Metadata-Version: 2.4
Name: mredu
Version: 1.0.1
Summary: A simple simulator of a system which implements map/reduce paradigm.
Home-page: http://github.com/ramonpin/mredu
Author: ramonpin
Author-email: ramon.pin@gmail.com
License: Apache-2
Description-Content-Type: text/markdown
License-File: LICENSE
Requires-Dist: toolz>=0.12.0
Requires-Dist: rich
Dynamic: author
Dynamic: author-email
Dynamic: description
Dynamic: description-content-type
Dynamic: home-page
Dynamic: license
Dynamic: license-file
Dynamic: requires-dist
Dynamic: summary

MREDU
=====

A simple simulator of a system which implements map/reduce paradigm similarly to
how Apache Hadoop does.
Its objective is to be used as an educational tool to learn how to code
map/reduce algorithms without needing to install complex components.

Requirements
============
To use it you will need:

  * A Python 3.8+ interpreter.
  * Install required packages from PyPi:

    $> pip install mredu

Examples
========
There are several examples of use of the simulator in the examples directory.
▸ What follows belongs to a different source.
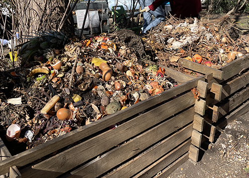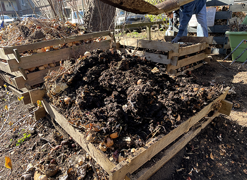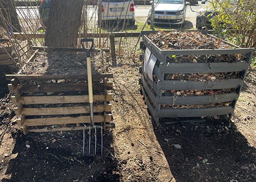 A közeli közösségi kertből egy másik házban lakó szomszédnak köszönhetően még kaptunk plusz egy ásót és egy vasvillát, így még gyorsabban lehetett a komposztkeretek tartalmát kilapátolni. A módszer egyébként az volt, hogy a kilapátolással együtt a kereteket lebontottuk, és újraépítettük (az egyik komposztálót át is helyeztük), és új rétegrendet alakítottunk ki.
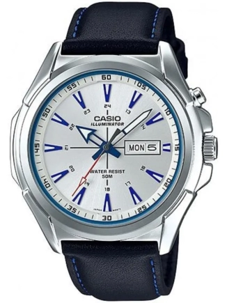 Часы Casio (Касио), круглый корпус. Эти часы созданы для мужчин, которые ценят комфорт и практичность. На данной модели отображается текущая дата и день недели. Стрелки покрыты люминесцентным напылением (светятся в темноте), светодиодная подсветка. Метки в виде штрихов. Ремешок из натуральной кожи. Классическая застежка из нержавеющей стали. Kорпус из нерж.стали. Стекло минеральное, устойчивое к повреждениям и царапинам. Водозащита 50WR.

  * example1: Does some calculations from a list of tuples.
  * example2: Calculates the histogram of the number of words per line in the
    file quijote.txt from data folder.
  * example3: The ubiquitous word-count example written to run on the simulator
    and applied to the same quijote.txt file.
  * example4: Inverse k,v -> v,k agrupation

Development
-----------

To contribute to this project, you will need to set up a development environment.

1.  **Clone the repository and create a virtual environment:**

    ```bash
    git clone https://github.com/ramonpin/mredu.git
    cd mredu
    python3 -m venv .venv
    source .venv/bin/activate
    ```

2.  **Install dependencies:**

    Install the required dependencies, including the ones for development and testing:

    ```bash
    pip install -r requirements.txt
    ```

3.  **Install the package in editable mode:**

    This will allow you to import the package in your tests and run it as if it were installed, but your local changes will be reflected immediately.

    ```bash
    pip install -e .
    ```

4.  **Run the tests:**

    To make sure everything is working correctly, run the test suite:

    ```bash
    pytest
    ```

Docs
====
`mredu` simulates a MapReduce environment. The process is as follows:

1.  **Input**: You start with an input sequence of `(key, value)` pairs. `mredu` provides helper functions to read data from files into this format.
2.  **Map**: A `mapper` function is applied to each `(key, value)` pair, producing a new sequence of `(key, value)` pairs.
3.  **Shuffle & Sort**: The framework automatically groups the pairs from the map phase by key.
4.  **Reduce**: A `reducer` function is applied to each key and its list of associated values, producing the final result.

### Core Functions

-   `input_file(path)`: Reads a text file line by line, producing a sequence of `(line_number, line_content)` pairs.
-   `input_kv_file(path, sep)`: Reads a text file line by line, splitting each line by `sep` to produce `(key, value)` pairs.
-   `map_red(input_sequence, mapper, reducer)`: Chains together the map, shuffle/sort, and reduce steps. It takes an input sequence and the mapper and reducer functions as arguments.
-   `run(map_red_process)`: Executes the full MapReduce process and prints the resulting `(key, value)` pairs to the console, separated by a tab.

### Example: Word Count

Here is how you would implement the classic word count example using `mredu`.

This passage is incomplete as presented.